Perhaps of greatest important is the presence of complexity in a highly fluid—even turbulent—world where rapid change operates alongside patterned change, non-change (stagnation) and absolute chaos. The authors of the Scoping Review pose an important question concerning the scope of complexity and complex leadership: is complex leadership only to be engaged under conditions of complexity. When VUCA-Plus is introduced and the condition of turbulence is highlighted then this issue becomes moot. There is no time when complexity is absent when seeking to lead within the “white-water” world of a turbulent health care system.
These conditions of VUCA-Plus must be viewed from a social as well as mathematical perspective for sense-making, social construction and patterns of communication are constantly being challenged. VUCA-Plus leadership requires much more than complexity leadership and must be founded in a set of principles and guidelines that go well beyond the traditional leadership theories that are referenced in the Scoping Review. We seek in this essay to point toward some of the theories of leadership (and more broadly system operations) that might help guide us toward effective engagement with the many VUCA-Plus challenges.

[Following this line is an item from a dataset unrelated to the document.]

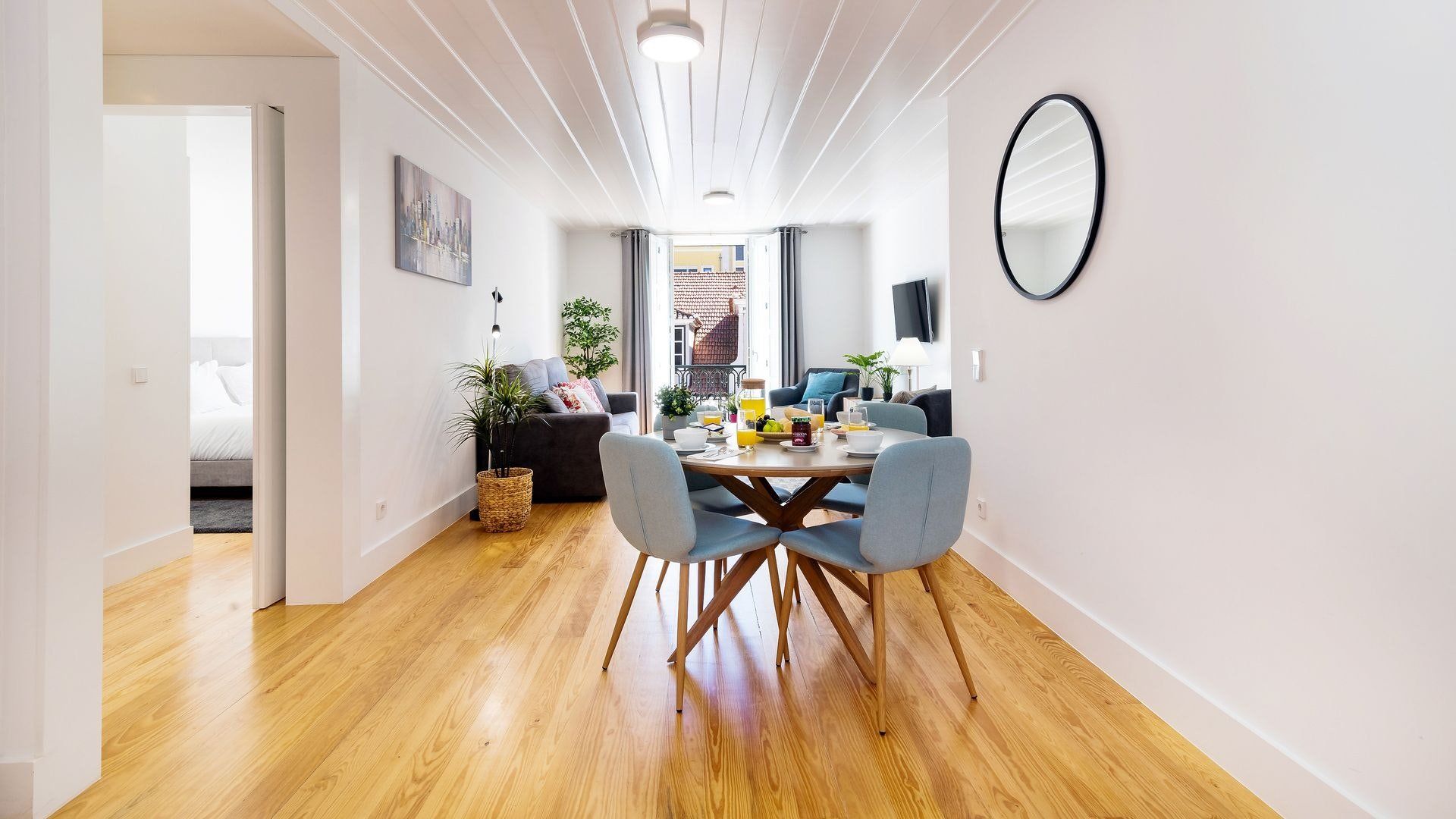 If browsing stylish boutiques is your bag, then this home in chic Chiado is just the ticket. You'll also find stylish restaurants, and the iconic 1700s Bertrand Bookstore here. It's just a two-minute stroll to Praça Luís de Camões with its statues of Portuguese literary icons, while the National Theatre of São Carlos is five minutes on foot. Other attractions nearby include Lisbon Cathedral, under a twenty-minute walk and the Elevador De Santa Justa, a ten-minute saunter.
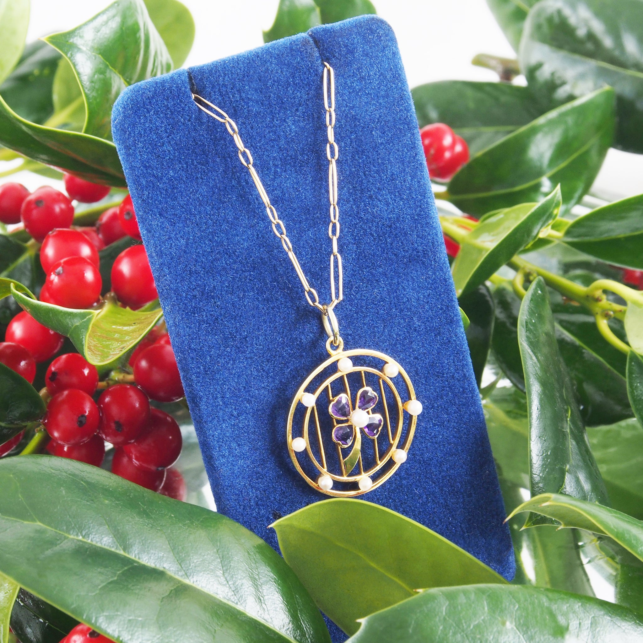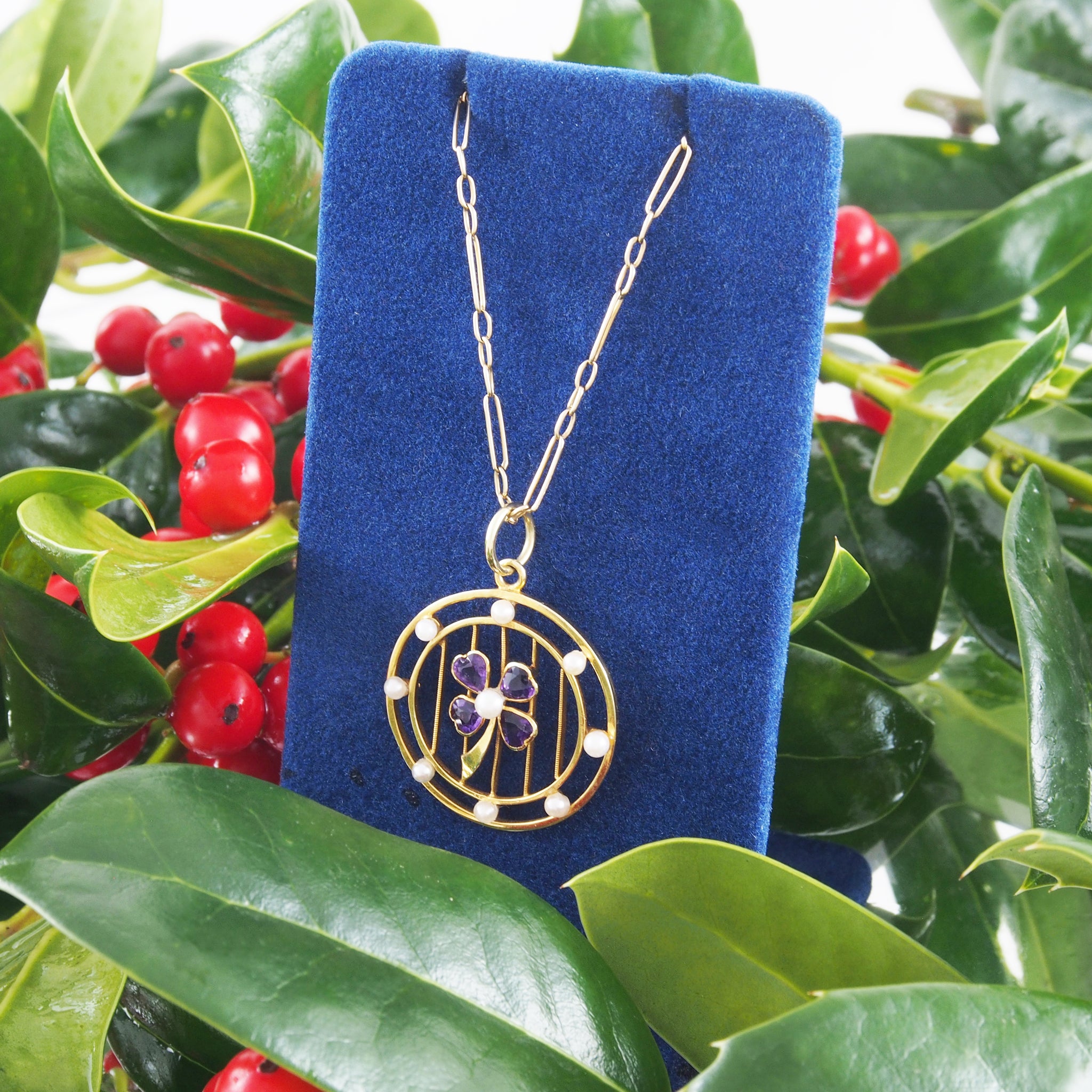 An Edwardian, 9ct yellow gold, amethyst & pearl set circular pendant & chain.

In our next essay, we also will be offering some specific examples of effective VUCA-Plus leadership in contemporary American health care systems. We offer these case examples in part to meet the criticism offered by those preparing the Scoping Review. They suggested that there is insufficient evidence-based research to support any one model of complex leadership. While these authors are primarily concerned with quantitative evidence, we would suggest (and have provided) evidence that might be of even greater value. This is evidence “from the trenches.” Case examples of actual leadership practices and outcomes.